→ **WHAT TO DO**
The records are to be copied from the line that contains "Obudowy ma kolor" through their last line, word for word, with every picture left out.

→ **PROVIDED RECORDS**
________________________________________

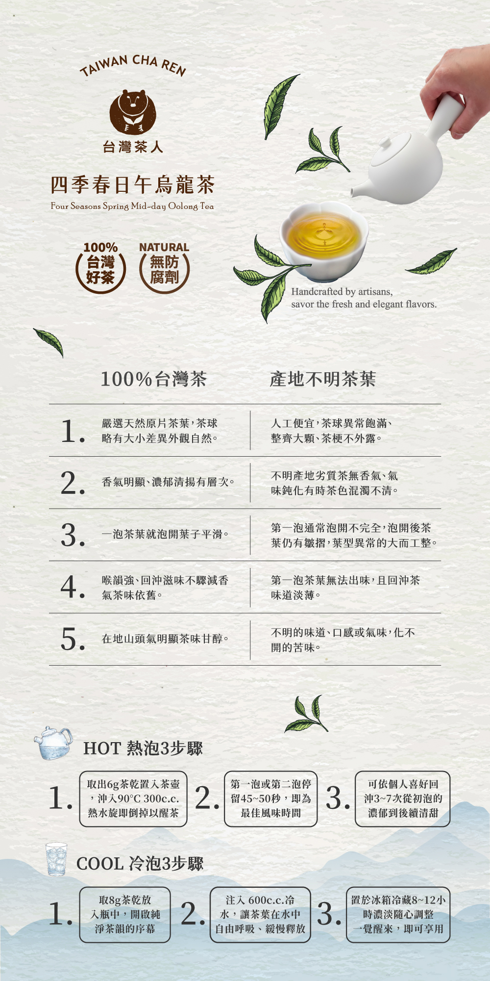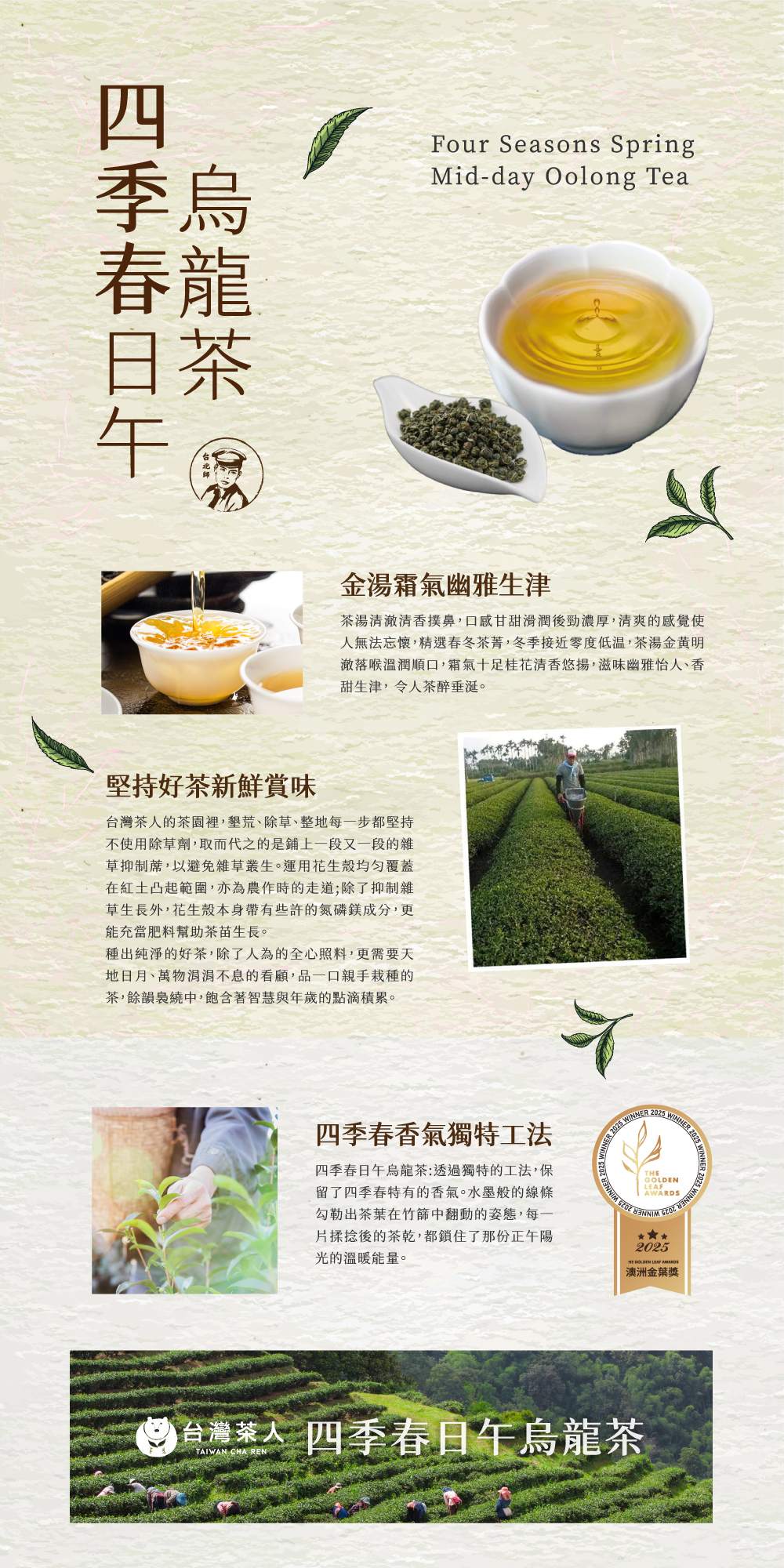 四季春日午烏龍茶:透過獨特的工法,保留了四季春特有的香氣。水墨般的線條勾勒出茶葉在竹篩中翻動的姿態,每一片揉捻後的茶乾,都鎖住了那份正午陽光的溫暖能量。
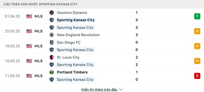5 trận gần nhất của Sporting Kansas City: W-D-D-D-L
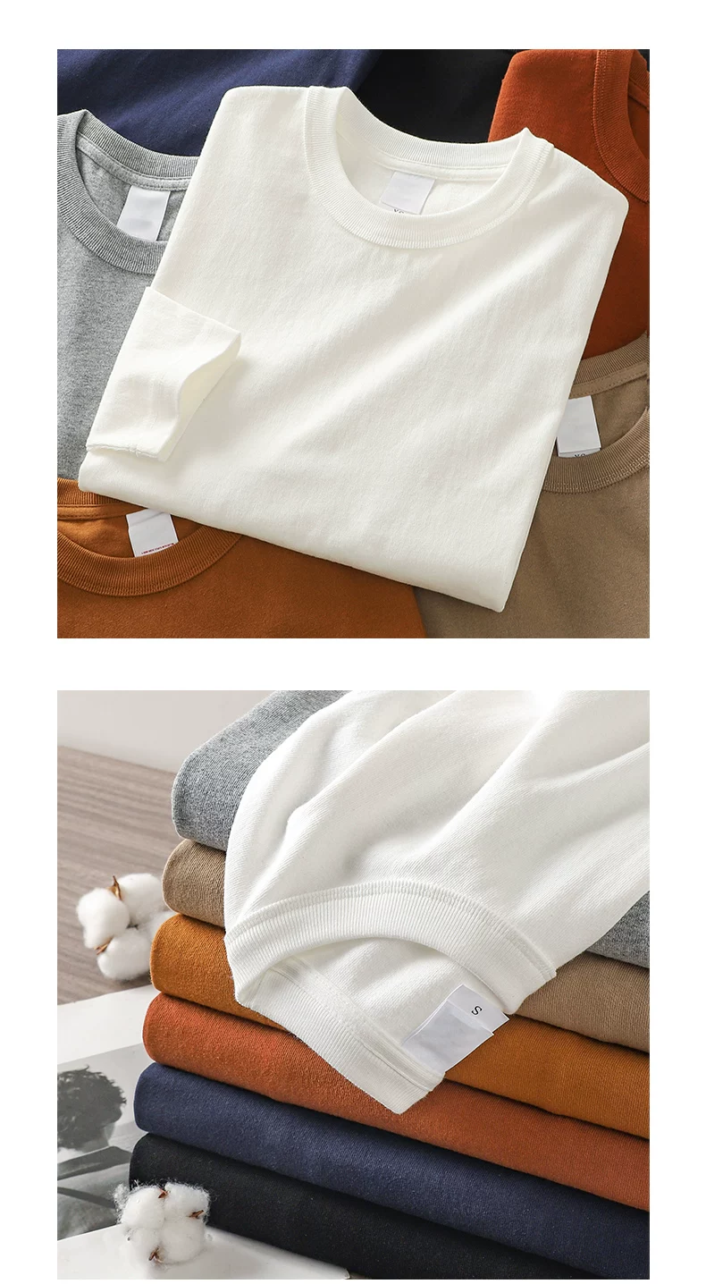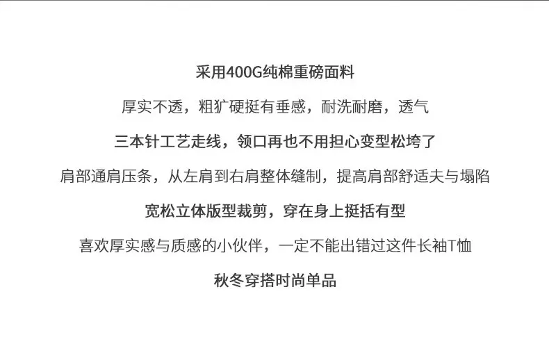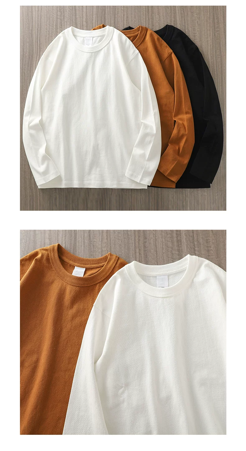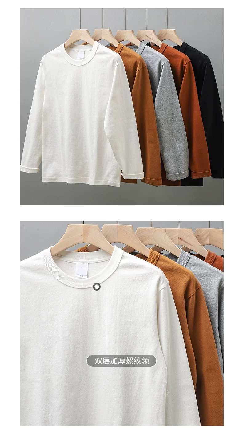 - Áo thun dài tay ba kim 400G chất liệu cotton nguyên chất dành cho nam, áo sơ mi trắng cao cấp mùa thu, áo sweatshirt cổ tròn rộng rãi.
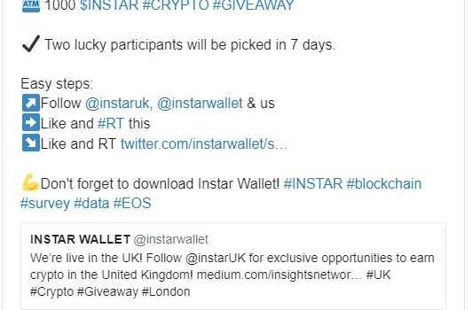 ↘️Like and RT https://twitter.com/instarwallet/status/1162039649558323200?s=09
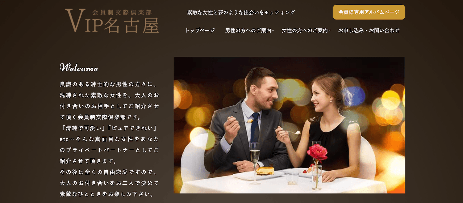 VIP名古屋は、名古屋エリアの富裕層男性と出会える地域密着型の交際クラブです。名古屋の地元の経営者や自営業の男性が多く登録しています。
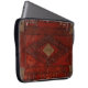 Dating back to the middle ages this old book cover is full of character with brass fixtures and worn ruby red leather.
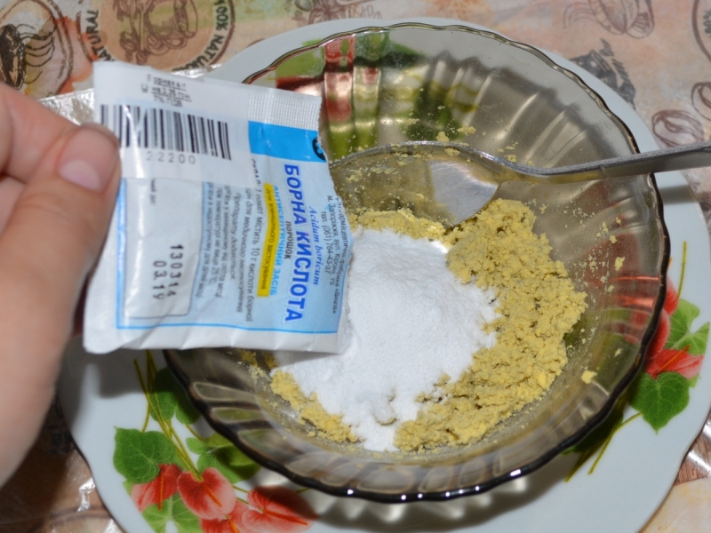 - גלגלו כדורים קטנים מחומצת בור וחלמונים מעוכים; ערבבו אבקת סוכר עם אבקת חומצת בור ביחס של 1:1.
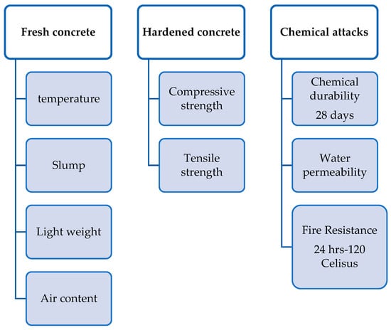 Figure 10. Experimental work for fresh and hardened concrete. - The slump test is to measure the workability of the fresh concrete mix, to avoid air voids and weak concrete properties. This is shown in Table 2.
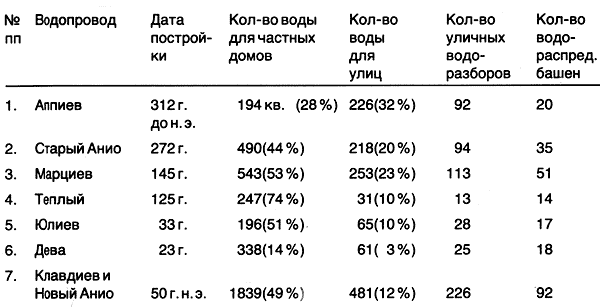 **** См.: Сергеенко М. Е. Жизнь древнего Рима. Очерки быта. М-Л. "Наука", 1964, с. 58; Fietz W., Op. cit. S.58. Плиний Старший (Естественная история, 3, 54) полагал, что водопроводы приносят в Рим столько же воды, сколько получает Тибр от всех сорока своих притоков.
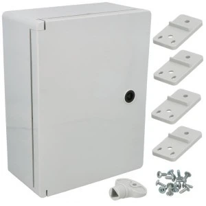 Obudowy ma kolor jasno szary – RAL 7035 – jest wykonana z materiału ABS, posiada drzwi na zawiasach zamykanych za pomocą zamka, wyposażona jest w płytę montażową o grubości 1,20mm oraz zestaw zaczepów do montowania natynkowego.
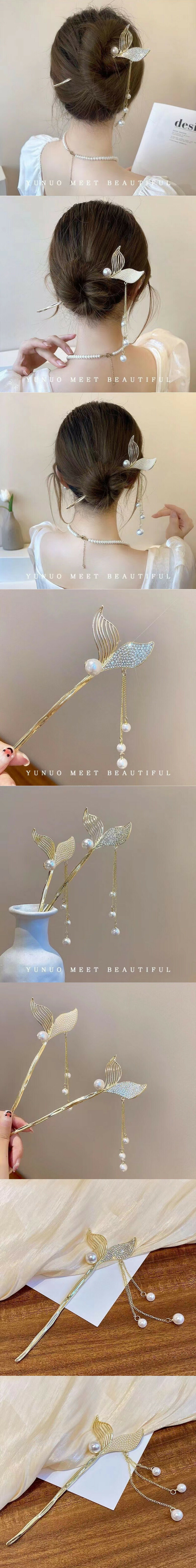 爆款古風美人魚尾發簪 流蘇簪子【B23水鑽魚尾發簪】

________________________________________

→ **TASK ANSWER**
 Obudowy ma kolor jasno szary – RAL 7035 – jest wykonana z materiału ABS, posiada drzwi na zawiasach zamykanych za pomocą zamka, wyposażona jest w płytę montażową o grubości 1,20mm oraz zestaw zaczepów do montowania natynkowego.
 爆款古風美人魚尾發簪 流蘇簪子【B23水鑽魚尾發簪】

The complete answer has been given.